Being a transgender person in India has always been a taboo, but after all this time, the transgender community seems to be moving towards a greater acceptance from the mainstream society.
Talking about the changing scenario, Anita Cheria, Director at Open Space, a knowledge institution to support civil society initiatives in social justice and equity, said in a chat with YourStory,
Over the past 20 years, I have witnessed the changing communication pattern between the transgender community and the ‘mainstream’ society. Earlier, badhai or the celebratory occasion, provided access to this minority community to not only gaze but, also, exchange information with the society in public.
Aarav Appukuttan, a 46-year-old transman, and Sukanyeah Krishna, a 22-year-old transwoman, from Kerala have decided to marry each other despite all the hardship, stigma, and restrictions. The couple has gone through their corresponding gender reassignment surgeries at a clinic in Mumbai recently where they met and fell in love. They are all set to be wed in September.

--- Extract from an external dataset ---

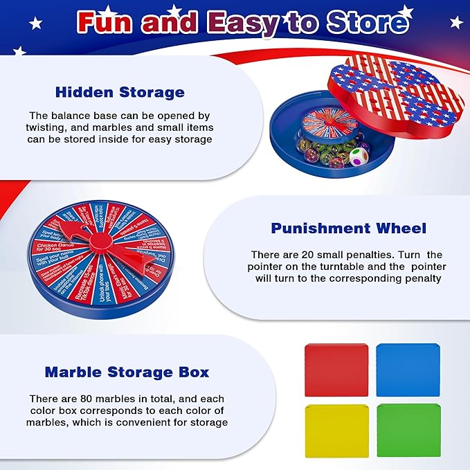 - Complete Party Game Set for Endless Fun:Set includes 80 vibrant marbles (red, green, blue, yellow), 1 wobble board, 1 spinner wheel, 1 dice, a safety fence, and challenge punishment cards for extra excitement. All-in-one party game for kids ages 6-12 and beyond!

When Aarav heard Sukanyeah talk to her family on phone at the clinic, he got to know that she was a Malayali too. They started meeting each other and having conversations on phone. Sometime later, Aarav proposed to Sukanyeah.
While Aarav did not face many difficulties in his journey, Sukanyeah had gone through her share of stares, comments and criticism from family, relatives, and society. Aarav too faced embarrassing questions and awkward stares but went on to deal with it with confidence, something he credits his mother with. For Aarav, a smile is always a solution whenever someone asks him questions about his gender. Speaking with The News Minute, Aarav said,
I was always a man in my mind. It was not possible for me to marry as I had the thoughts of a man with the body of a woman. Finally, I took the decision to do what I needed the most — the surgery. Now I am as happy as any man who is about to get married. But it was only after the surgery that I was able to make the statement that I am a man. But nobody has humiliated me and I have never undergone any bitter experiences.
Sukanyeah, who works with a software firm in Bengaluru, told The News Minute,
One day, I draped a saree, dressed up exactly like a woman and attended a wedding. It created a lot of problems, but for me, it was an open declaration of my identity. I applied to change my name the very next day I turned 18 and also started procedures for the treatment.
Talking about the wedding ceremony, Aarav told Hindustan Times,
We wanted a small marriage ceremony, but our friends are asking for a treat. So, we will have a grand wedding.